▸ **DIRECTIONS FOR THIS TASK**: Leave every picture out and print exactly the lines that run from the one containing "Event organizers billed" to the end of the listing.

▸ **EXCERPTED RECORDS**:

○ ○ ○ ○

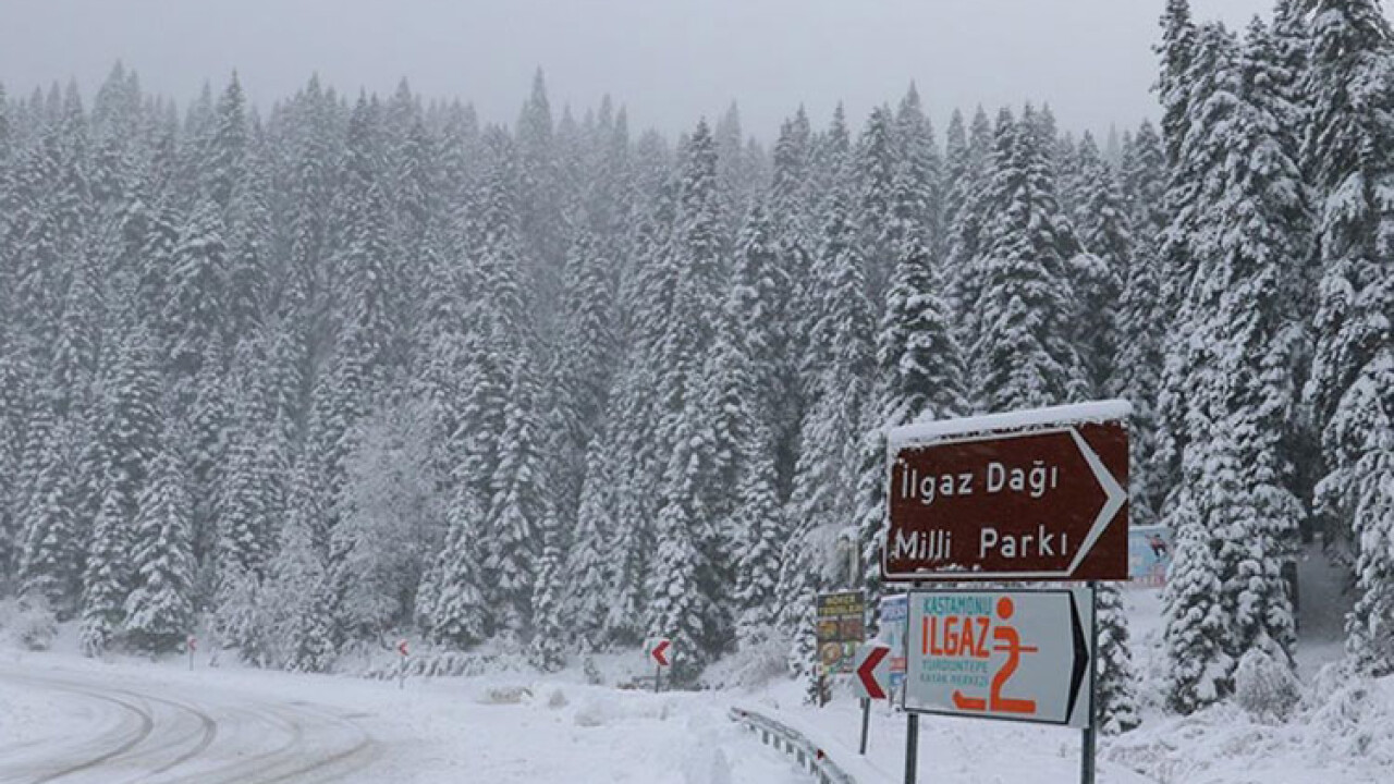 Kastamonu-Çankırı sınırındaki Ilgaz Dağı'nda gece saatlerinden itibaren etkili olan yağışın ardından kar kalınlığı 10 santimetreyi geçti.
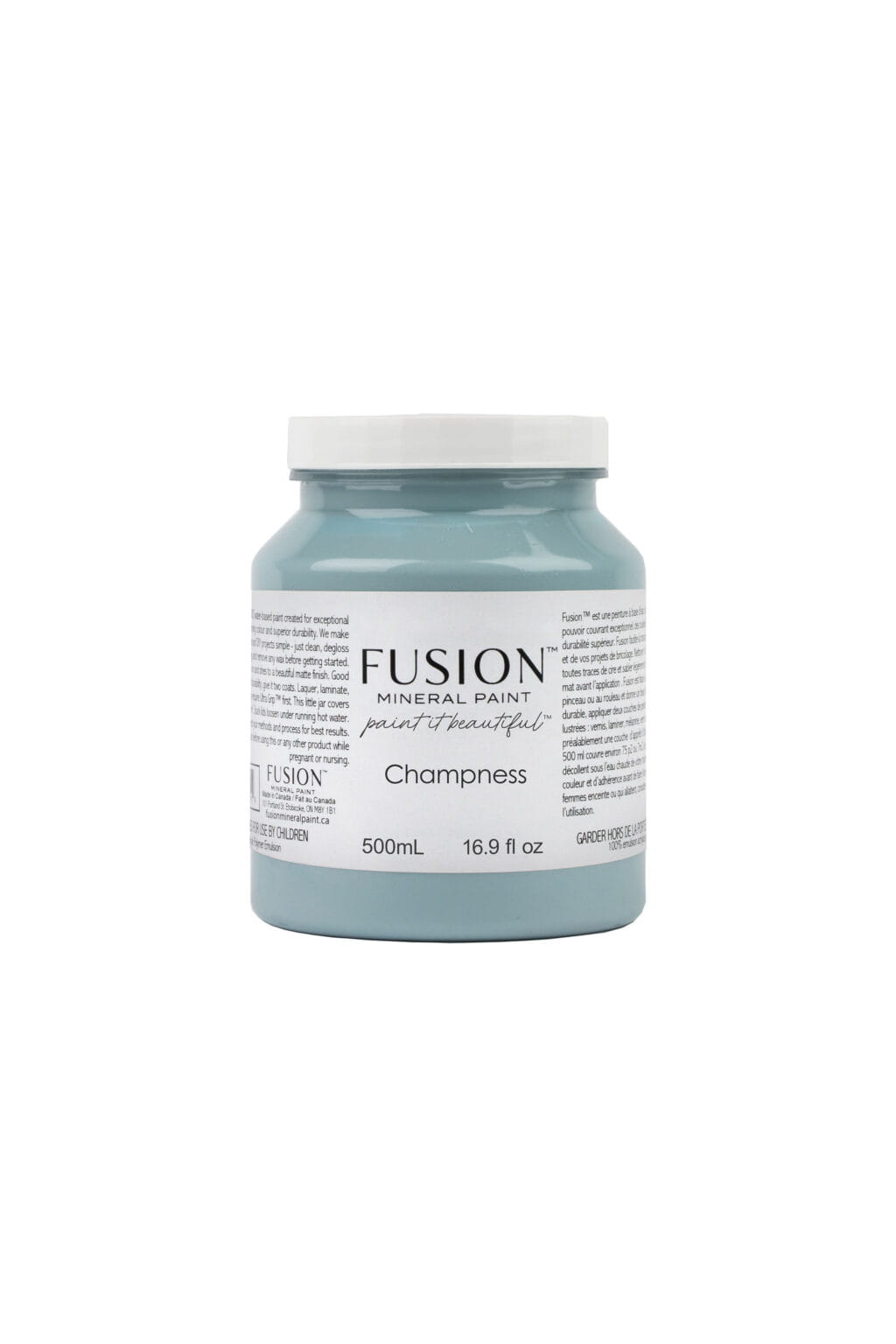 Champness Farba mineral paint Fusion - mineralna farba Fusion służy do malowania praktycznie wszystkiego: drewna, powierzchni drewnopochodnych, laminatów, mdf, powierzchni wcześniej lakierowanych, metalu, szkła, tkanin - jak np. tapicerki materiałowej, skórzanej, eko -skóry itd. Świetnie sprawdza się w pokoju, kuchni, a nawet w łazience - wewnątrz jak i na zewnątrz. W szczególności polecana do malowania mebli.Fusion Champness to błękitna farba w modnym odcieniu. Champness to błękit inspirowany morzem i niebem. Jest wystarczająco nasycony, aby wyrazić swój charakter , a jednocześnie ma cudowną, uspokajającą jakość.
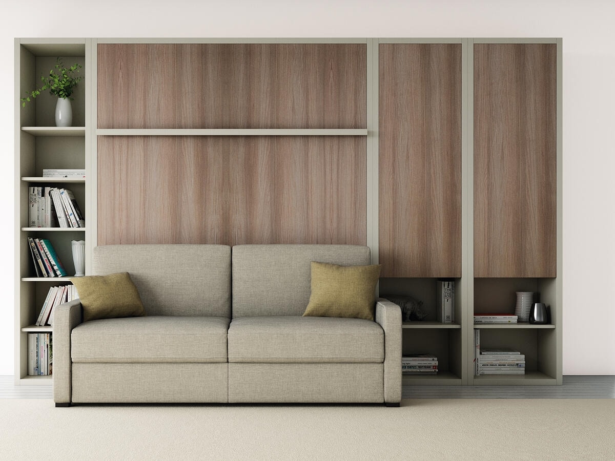 Armadio con letto ribaltabile e con divano integrato. Soluzione salvaspazio personalizzabile nelle finiture.
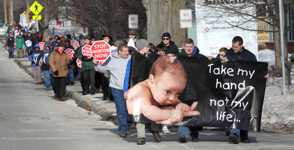 Event organizers billed the rally as providing “Witness for the Unborn.” This year, the short, two-block march to the State House from St. Michael’s School gym on Western Avenue was led by a youth ministry group from the Sanford-based St. Therese of Lisieux Parish.
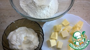 Тесто будем делать в комбайне. Просеянную муку соединяем с разрыхлителем, солью, и размягченным сливочным маслом, добавляем сметану.
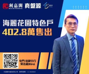 利嘉閣地產屯門-珀御分行高級經理陳志偉(Joe)稱,該行物業顧問吳杰龍(Kiro)最新促成屯門海麗花園1座一個高層連天台特色戶的二手成交個案,單位實用面積約452方呎,連天台297方呎,屬2房間隔,望開揚景觀。
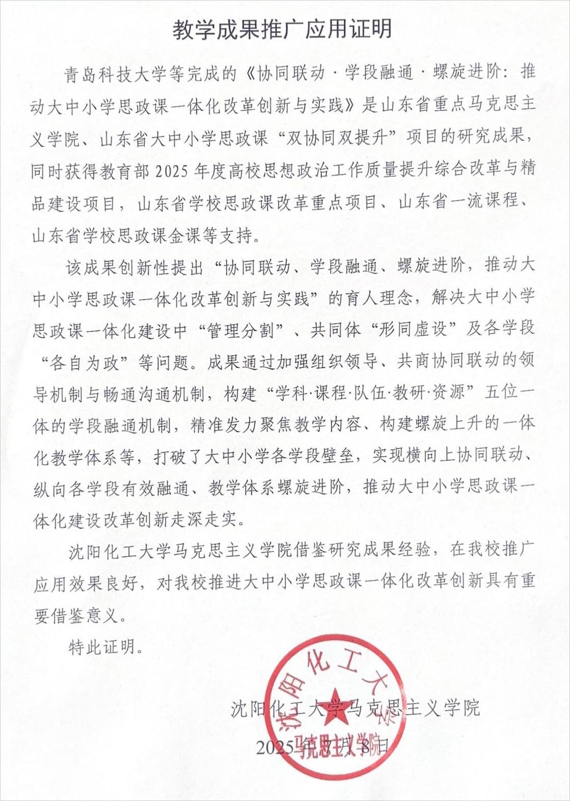 “协同联动·学段融通·螺旋进阶:大中小学思政课一体化改革创新与实践”教学成果
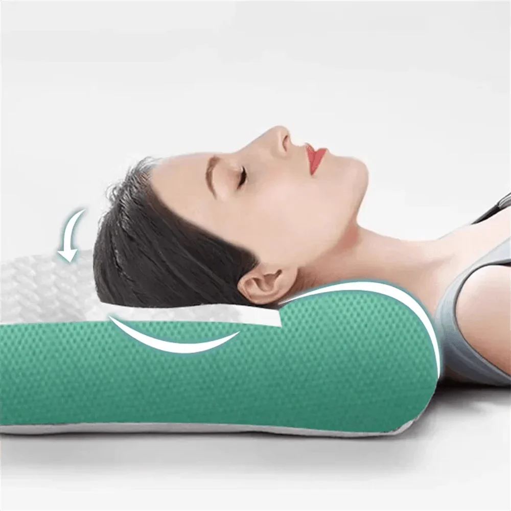 A: By combining a contoured ergonomic design with adaptive memory foam, this pillow delivers consistent neck support and spine alignment, addressing common gaps in traditional flat pillows and helping you wake refreshed.
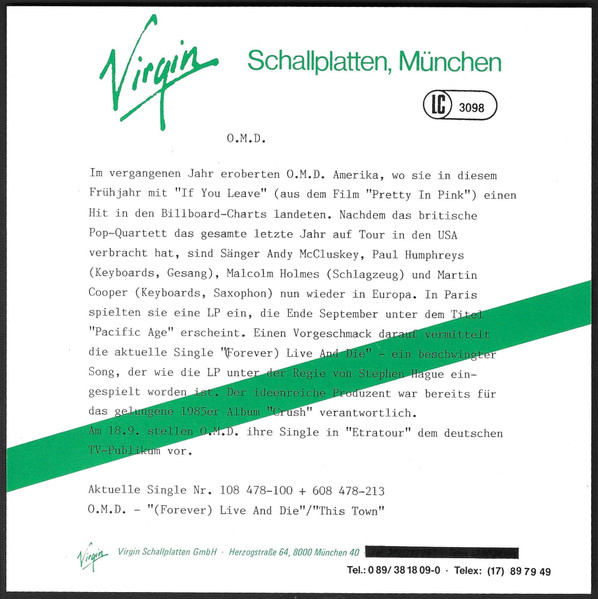 Vinyl / Orchestral Manœuvres In The Dark* - (Forever) Live And Die

○ ○ ○ ○

▸ **SOLUTION FOR THIS PROBLEM**:
 Event organizers billed the rally as providing “Witness for the Unborn.” This year, the short, two-block march to the State House from St. Michael’s School gym on Western Avenue was led by a youth ministry group from the Sanford-based St. Therese of Lisieux Parish.
 Тесто будем делать в комбайне. Просеянную муку соединяем с разрыхлителем, солью, и размягченным сливочным маслом, добавляем сметану.
 利嘉閣地產屯門-珀御分行高級經理陳志偉(Joe)稱,該行物業顧問吳杰龍(Kiro)最新促成屯門海麗花園1座一個高層連天台特色戶的二手成交個案,單位實用面積約452方呎,連天台297方呎,屬2房間隔,望開揚景觀。
 “协同联动·学段融通·螺旋进阶:大中小学思政课一体化改革创新与实践”教学成果
 A: By combining a contoured ergonomic design with adaptive memory foam, this pillow delivers consistent neck support and spine alignment, addressing common gaps in traditional flat pillows and helping you wake refreshed.
 Vinyl / Orchestral Manœuvres In The Dark* - (Forever) Live And Die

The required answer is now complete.